What's so hard about Adidas merchandise data capture?
Have done e-commerce data crawl know, Adi official website of the anti-climbing mechanism that is called a ruthless. The front foot just climbed 200 data, after the foot of the IP was shut down in a small black house. Ordinary users may feel that a change of IP on the line, but the system has been blocked to the entire IP segment, this time it is necessary to use theDynamic Proxy IP Poolto fight a guerrilla war.
Teach you to use a proxy IP to capture data
Here's a recommendation for the guys from ipipgoDynamic Residential Agents, their IP pool is updated 200,000+ per day, which is especially suitable for dealing with anti-climbing strict websites like Adi. Write a simple script in Python and remember to change the IP for each request:
import requests
from random import choice
List of proxies from ipipgo backend
proxies = [
"http://user:pass@gateway.ipipgo.com:30001",
"http://user:pass@gateway.ipipgo.com:30002".
... Other Proxy Nodes
]
url = "https://www.adidas.com/api/products"
headers = {
"User-Agent": "Mozilla/5.0 (Windows NT 10.0) AppleWebKit/537.36..."
}
try: response = requests.get(url)
response = requests.get(url, proxies={"http")

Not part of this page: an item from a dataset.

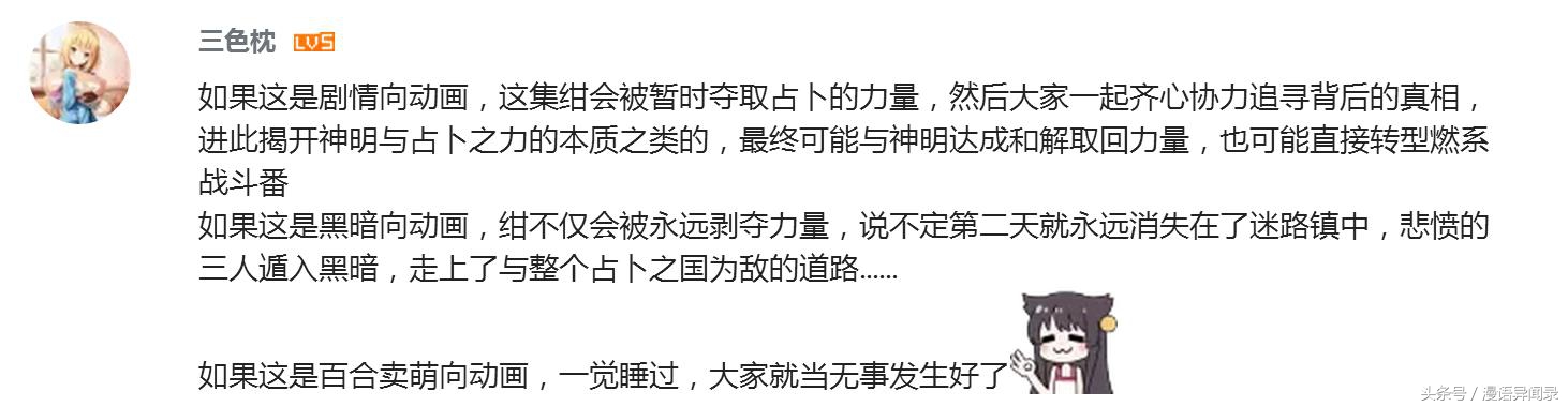 比如b站第二集中,b站用户小拧就在评论里科普了下:关于占卜的禁忌,动画这里少了一段描述:很久以前,神赐予了一名少女一根箭矢,示意少女用箭矢指引道路,少女靠着这跟箭矢帮助无数少女指名了道路,自己的占卜能力也越发精湛,但随着时间的流逝,少女越发想知道神明的真相,于是少女带着这种想法,朝着神的方向射出了箭矢——随即箭矢从背部贯穿了少女的心脏...

proxies={"http": choice(proxies)}, headers=headers, {"http": choice(proxies)}, }
headers=headers,
timeout=10
)
print(response.json())
except Exception as e.
print("Crawl failed, change IP and retry")
Top 3 Tips for Avoiding Backcrawl
1. IP rotation frequency: It is recommended to change your IP every 50 catches and not wait until you are blocked!
2. request header masquerading as: remember to randomize the User-Agent, don't use the default header of the requests
3. request interval: better add a random.uniform(1,3) random wait
| Agent Type | Applicable Scenarios | Recommended Programs |
|---|---|---|
| Data Center Agents | Short-term small grabs | not recommended |
| Residential Agents | Long-term stable acquisition | ipipgo dynamic homes |
Common pitfalls QA
Q: Why is it still blocked after using a proxy?
A: Maybe the session is not disconnected, remember to clear cookies after each request, or just use stateless request
Q: What if ipipgo's proxy is not fast enough?
A: Their backstage can be selected低节点,实测用美国东部节点能压到200ms以内
A special reminder for veteran drivers
Don't try to be cheap and use free proxies, those IPs have long been blacklisted by Adi. Suggest to go directly to ipipgoExclusive IP packageIf you spend 200 bucks a month, the data capture success rate can soar from 30% to 85% or more. Used to know, professional things or professional tools to do.
One last thing: remember to update your IP pool every day! ipipgo has aIP Freshness FunctionIf you have a CAPTCHA bombardment, you can work with their API to automatically change the export IP address, which is written in their documentation. If you encounter CAPTCHA bombing, you can work with their API to automatically replace the export IP, the specific operation in their home documentation are written.